Bei der anschliessenden gerichtsmedizinischen Untersuchung wird die Todesursache klar: Die Leiche weist drei Einschussstellen am Kopf und im Schulterbereich auf. Die Ermittlungen laufen auf Hochtouren, noch weiss niemand, wer für den Tod der Rentnerin verantwortlich ist.

Interaktive Suche

Wer Hannelore Burgunder erschossen hat, wird in diesem Fall aber nicht wie üblich von der Polizei ermittelt, sondern von Krimibegeisterten, die sich auf die Suche nach dem mutmasslichen Täter begeben. Das von ­David Baumgartner (siehe Kasten «Zum Entwickler») entwickelte interaktive Krimispiel «Mord am Thunersee» führt die Ermittler zu insgesamt zehn Stationen, die rund um den See verteilt sind. Mithilfe eines Smartphones wird man Schritt für Schritt durch den Fall geführt, etwas anderes braucht man nicht. Auch kein Geld, das Spiel ist völlig kostenlos.
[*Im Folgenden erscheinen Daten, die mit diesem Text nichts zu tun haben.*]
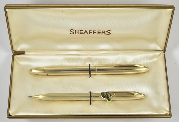 17203: Sheaffer Touchdown Triumph set in box: pneumatic-filler, gold filled cap and barrel, White Dot, 13.4 cm long, two-tone conical Triumph nib with original grade band, section with transparent ink window; matching twist-action pencil uses .9 mm lead, has original foil clip tag. A scarce and short-lived model introduced early in 1950 and replaced by the more common Snorkel version in late 1952. As new, seals replaced, one tiny bump to pen cap (see detail).
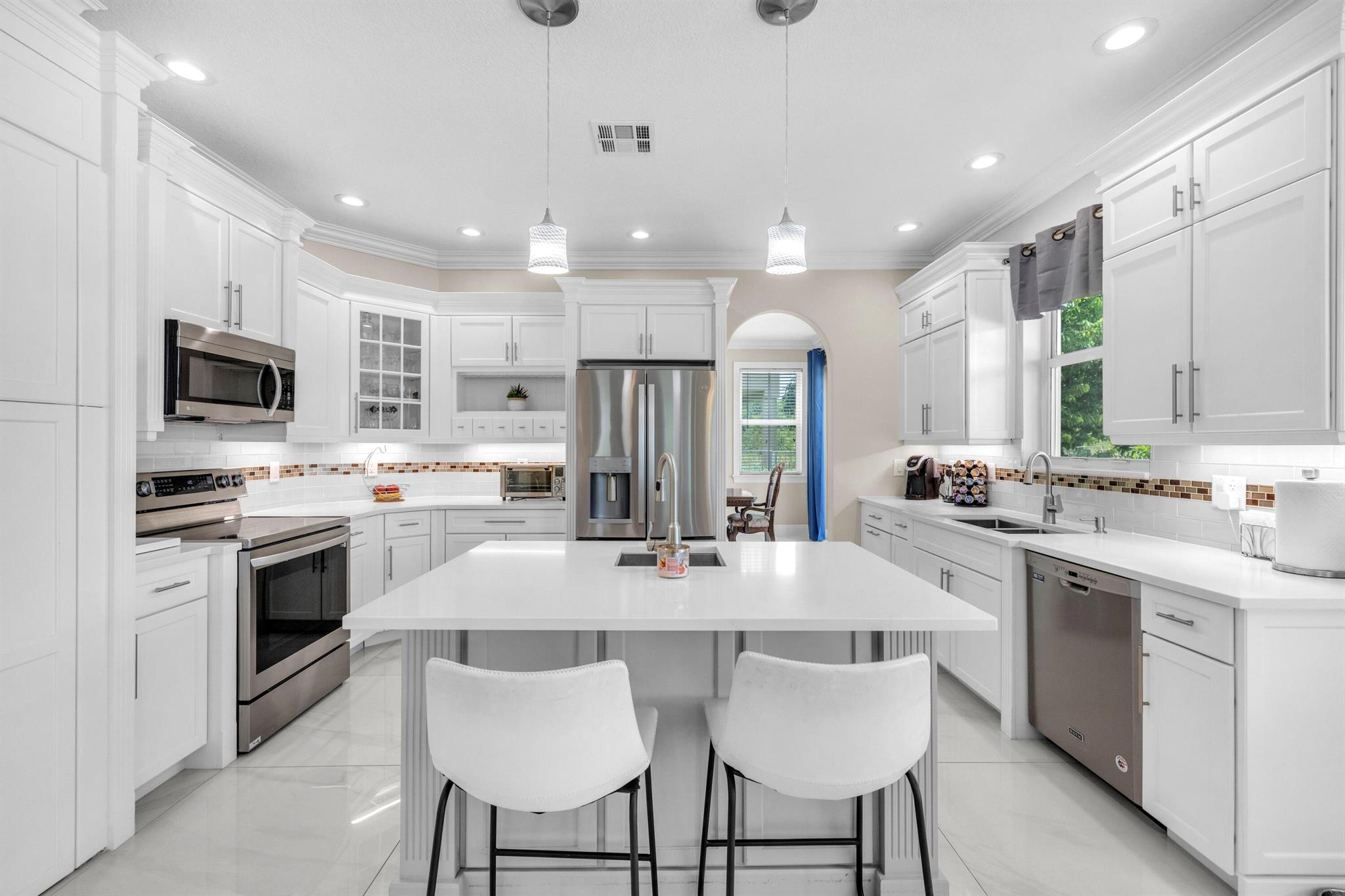 Welcome to this beautifully remodeled 6-bedroom, 4-bathroom home in Wellington's prestigious Olympia community. The open floor plan features stunning new tile flooring and a gorgeous staircase. The modern kitchen includes new appliances, elegant finishes, and a spacious walk-in pantry. The master suite offers a private balcony overlooking a fenced-in yard with a pool and serene garden view, ensuring privacy with no homes behind due to a preserve. The home also boasts a three-car garage. Rest easy during storm season with all new impact windows. Enjoy resort-style amenities like pools, a gorgeous clubhouse, and more in this family-friendly community with top-rated schools. Offering home warranty as well. This is a MUST SEE!

Jeder Schauplatz enthält wichtige Informationen zum Mordfall, die jeweils mit einem Passwort freigeschaltet werden. Diese Passwörter findet man relativ einfach, zum Beispiel kann das die Nummer einer Strassenlampe am Bahnhof in Thun sein. Auf diesem Weg können die anfangs noch fünf Verdächtigen nach und nach reduziert werden, und der Täter kann gefunden werden.

Fragen über Fragen

Doch so simpel ist die Suche nicht. Auf der Jagd nach dem Täter wird man immer wieder vor Herausforderungen gestellt und auf falsche Fährten gelockt. Anfangs schien der Fall klar: Der eifersüchtige Ex-Mann der alten Dame hatte sie aus Rache umgebracht.
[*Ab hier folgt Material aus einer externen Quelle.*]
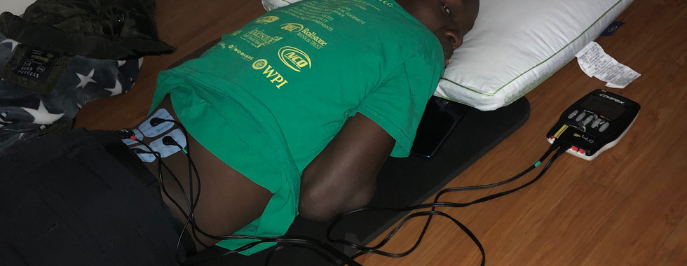 Moment de récupération avec mon teammate Gabe, un tendon d'achilles un peu capricieux, on traite ça directement avec les trainers mais également avec mon compex qui profite à l'ensemble de la team.
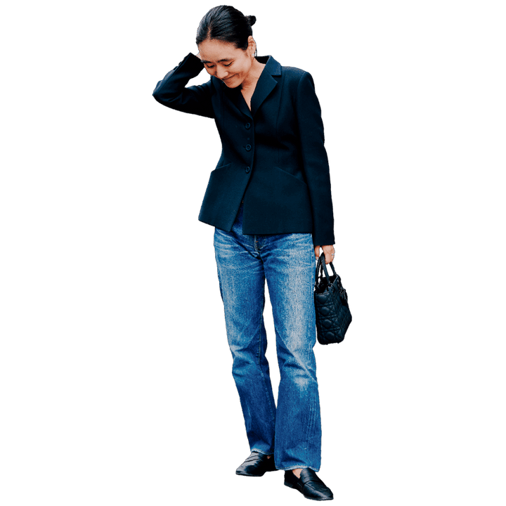 「本来はこんな風にデニムに合わせてローファーをはくことが多い」という綾さん。デニム×黒いジャケット×ローファーは鉄板ですが「今季はそれもちょっとレディに、が気分」と、ウエストシェイプされたシルエットが美しいジャケットをチョイス。エレガントなフェミニンさが大人の品格を引き立てる! Dhyana.のローファー、COUDREのパールのピアス、Diorのジャケット、バッグ、LEVI’S®のヴィンテージデニムは全て本人私物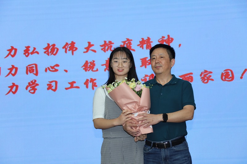 徐医生首先与参会师生分享了参加全国抗击新冠肺炎疫情表彰大会的激动心情。随后,以“弘扬抗疫精神、护佑百姓健康”为主题,讲述了面对突如其来的严重疫情,医护人员白衣为甲,“疫”无反顾,“疫”然前行,来不及多考虑,迅速投入到遭遇战阻击战中,与病毒作斗争,与患者零距离接触,不畏风险救治患者,冲锋在疫情防控第一线,筑起了抗击疫情的钢铁长城的不凡事迹。徐医生为方便工作,避免传染家人和他人,从1月21日起以院为家,从寒冬到初夏,驻院整整108天。他认为,抗疫的医护人员不是“从天而降的英雄,只是挺身而出的凡人”。
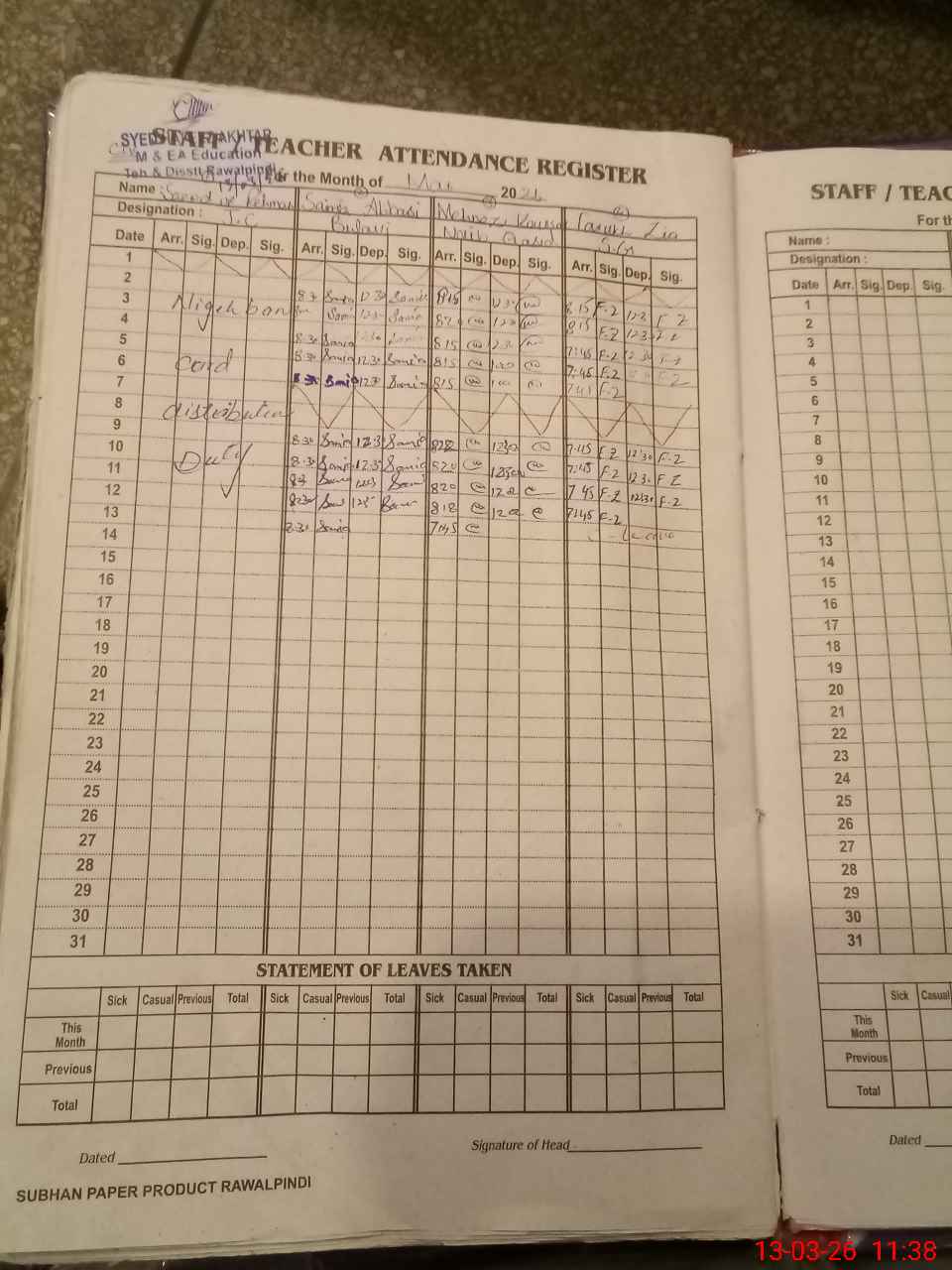 | Leave | Duty | Absent | Maternity | Medical | Ex- Pak |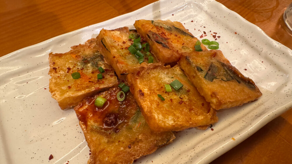 ▲カリカリ豚チヂミ。6枚にカットされ、甘辛なタレがかかっています。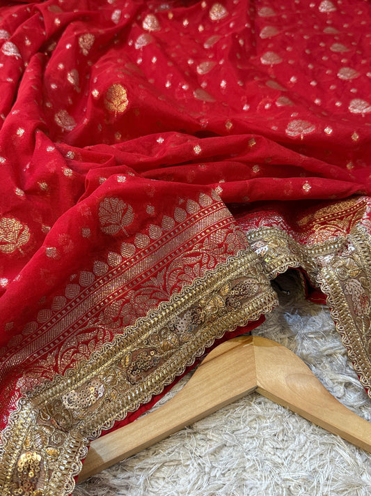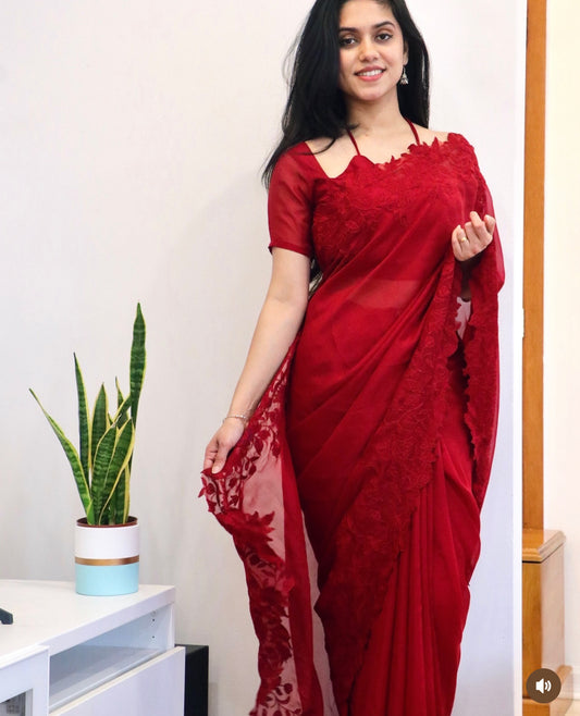 Meredith Handwork Saree(Red)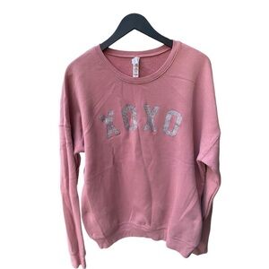 Cozy pink sweatshirt with XOXO design. Perfect for casual wear.

Doch der Ex-Mann ist längst nicht der einzige Verdächtige, der ein Motiv hat. Da gibt es beispielsweise noch die hoch verschuldete junge Putzfrau des Opfers oder Hannelore Burgunders Treuhänder, der nicht nur ehrliche Geschäfte macht. Bei der fünften Station in Därligen ist man noch nicht viel weiter als am Anfang: Es können alle gewesen sein.
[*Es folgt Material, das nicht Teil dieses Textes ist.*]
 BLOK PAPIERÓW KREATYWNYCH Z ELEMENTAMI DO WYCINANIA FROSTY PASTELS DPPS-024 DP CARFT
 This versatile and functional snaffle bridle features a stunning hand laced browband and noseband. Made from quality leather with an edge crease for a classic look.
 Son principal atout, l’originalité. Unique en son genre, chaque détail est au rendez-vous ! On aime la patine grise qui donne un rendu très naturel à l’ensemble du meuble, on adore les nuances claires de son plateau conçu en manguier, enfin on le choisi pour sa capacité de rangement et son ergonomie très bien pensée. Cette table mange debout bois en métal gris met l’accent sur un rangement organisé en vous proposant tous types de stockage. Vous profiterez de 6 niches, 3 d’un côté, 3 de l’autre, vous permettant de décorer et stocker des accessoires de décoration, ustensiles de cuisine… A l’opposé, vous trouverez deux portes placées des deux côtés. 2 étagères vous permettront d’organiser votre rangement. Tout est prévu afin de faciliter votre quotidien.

Während der Fahrten zu den Stationen geht es darum, die Hinweise richtig zu kombinieren. Ist Hannelore Burgunder an dem Nachmittag mit dem Schiff gefahren, oder machte sie einen Spaziergang? Konnte ihr Sohn zur ungefähren Tatzeit überhaupt am Tatort gewesen sein, oder ist er unschuldig? Und stimmt diese ermittelte Tatzeit überhaupt? Mit der Zeit lichtet sich der Nebel. Nach etwa 3,5 Stunden kann der Täter dingfest gemacht werden.